Re: Question about new locale language tags

From: Doug Ewell (
Date: Tue Dec 19 2006 - 23:21:43 CST

  • Next message: Arne Götje (高盛華): "Re: Question about new locale language tags"

    Arne Götje (高盛華) <arne at linux dot org dot tw> wrote:

    > According to
    > each of the 26 languages (22 of them living, 15 of them important)
    > have all 3 character language codes, for example 'nan' for Minnan,
    > 'hak' for Hakka, 'ami' for Amis, ...
    > Can we use these language codes to form new locales, like 'nan_TW',
    > 'hak_TW', 'ami_TW', etc.? Or does anything speak against this
    > practice?

    Normally it's recommended to wait until ISO 639-3 is published and then
    use those codes instead of the Ethnologue codes (which might not match
    100%). In the case of these languages, there happens to be 100%

    IETF language tags (not the same thing as locales) will most likely
    implement Hakka, Mandarin, Min Nan, and Tainwan Sign Language as
    "extended language subtags," meaning (for example) that Min Nan will be
    encoded in language tags as "zh-nan" instead of "nan." As a designer of
    locale information, you are probably free to use either the ISO 639-3
    code directly or the language tag, at least until a consensus develops
    to use one or the other.

    Michael Maxwell replied:

    > This is presumably ISO 639-2, which had many such problems.

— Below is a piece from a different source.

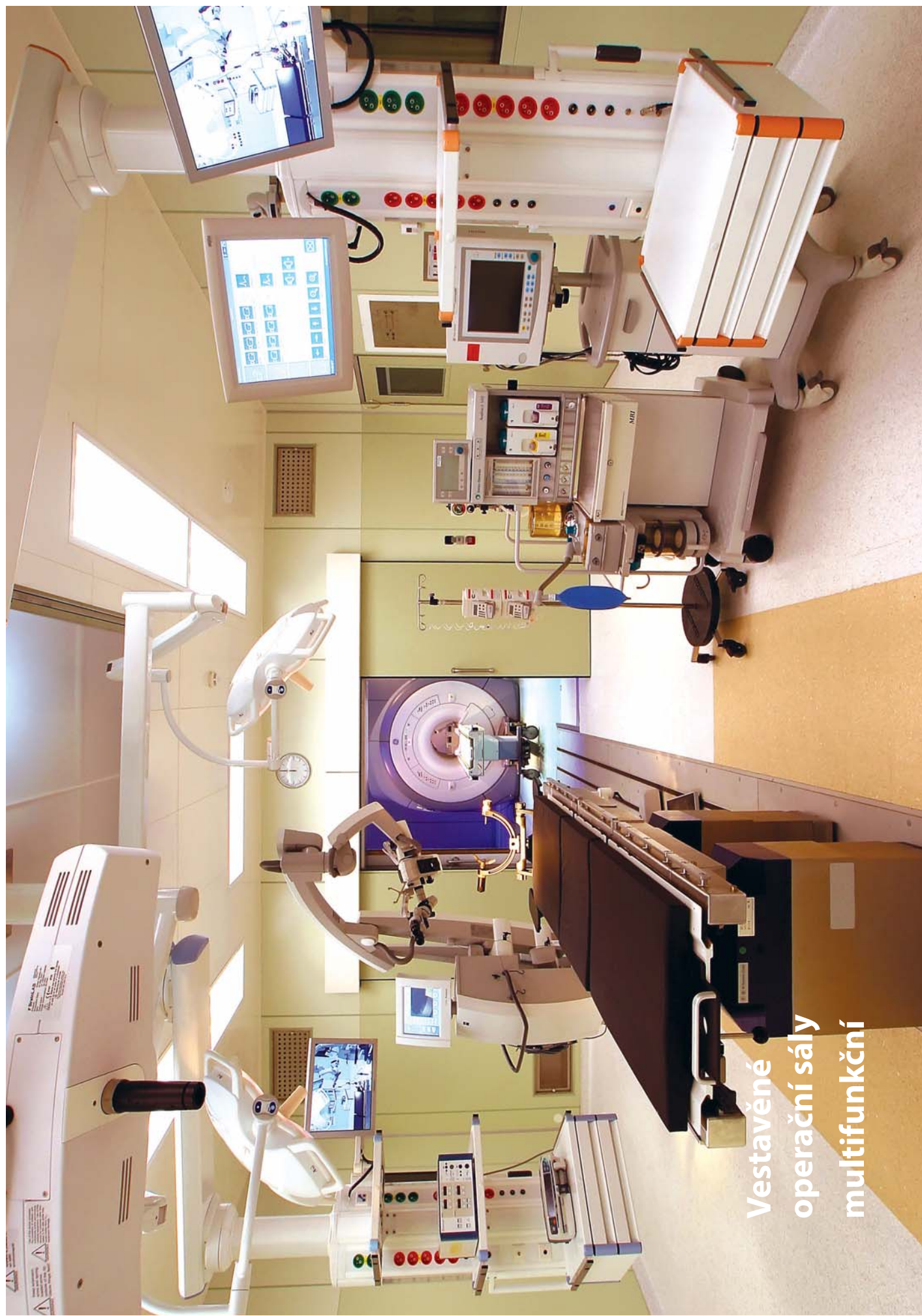
Vestavěné operační sály multifunkční

    Considering the various Han Chinese languages as a single "Chinese
    language" is by no means a unique "problem" of ISO 639-1 and 639-2.
    Many people, including the majority of Chinese, share this view.

    Since ISO 639-3 incorporates all of the non-collective codes from ISO
    639-2, it includes "zho" as a "macrolanguage" encompassing the
    individual Han Chinese languages, while still retaining the status of a
    language itself. The question of whether Chinese is one language or
    several is a complex one, and usually not best understood by dismissing
    one view or the others as a "problem."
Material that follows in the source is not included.